Austin halts work on 99 construction projects following recent rain

Construction work has been suspended at 99 job sites in Austin on Monday and the City of Austin says it plans to inspect more sites throughout the week which could add to the list.

According to city officials, recent rains pushed soil and sediment from those construction sites into streets.

“We had two jobs in the city shut down that we know of I’ve talked with numerous builders in the city that has also had numerous jobs shut down,” said Chris Peterson the owner of Rivendale homes who got the notice at a couple of his sites. These notices, known as red tags, were passed out by the city Monday.

“When that happens everyone on the job has to leave and they lose a day pay." Peterson said his crews were in the middle of working when the city stopped by and told everyone to leave. These orders can lead to hefty costs.

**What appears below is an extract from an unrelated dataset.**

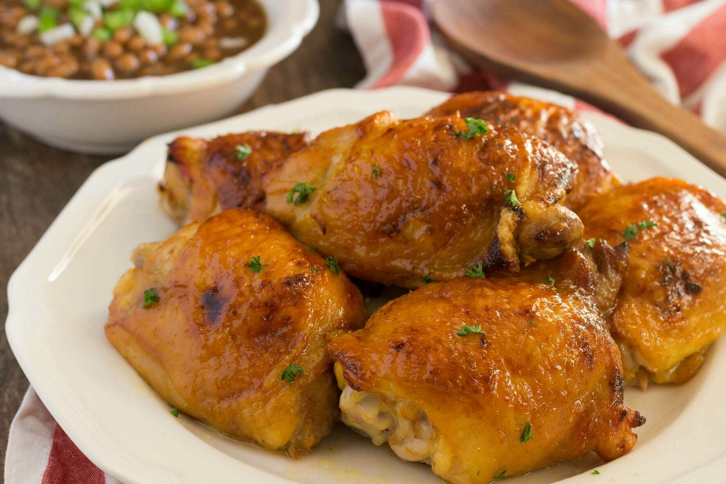 Honey Baked Chicken Thighs are the best... and that's really the end of the sentence! In only five steps, you can have this golden, sweet, tangy, and slightly spicy chicken ready on your plate. Every bite of Honey Baked Chicken Thighs is equal parts juicy, savory, and fatty, with a flavor so rich you'll be amazed it didn't come from a restaurant. Lean back in your chair and let these delicious flavors sweeten your day!

“It's probably $400 to $500 a day then the lost wages of the guys not working on the job,” said Peterson.

After the recent rains and flooding, the City of Austin planned to inspect the nearly 2000 active construction sites across the area for soil and sediment which was washed out into the street.

“We don't want to contribute to anymore impact on the city's drainage infrastructure,” said John McDonald the Austin Environmental Conservation Program Manager.

McDonald said they're doing this to prevent potential flooding caused by drainage systems getting clogged by soil and sediment.

To get the red tag lifted, crews must clean the street and curb in their area. Once that's done a city inspector must come out to check which according to Peterson can take a while, “You have no idea; they could be out here tomorrow it could be next week.”

The city will be out inspecting more sites throughout the week as they plan to inspect every active site in the area.

One concern for Peterson is the area he's working in he said a lot of this soil and sediment is not coming from his site but instead uphill.

The city says they are looking into this issue but in some areas, with all the rain they've had, it's hard to tell where the soil and sediment came from.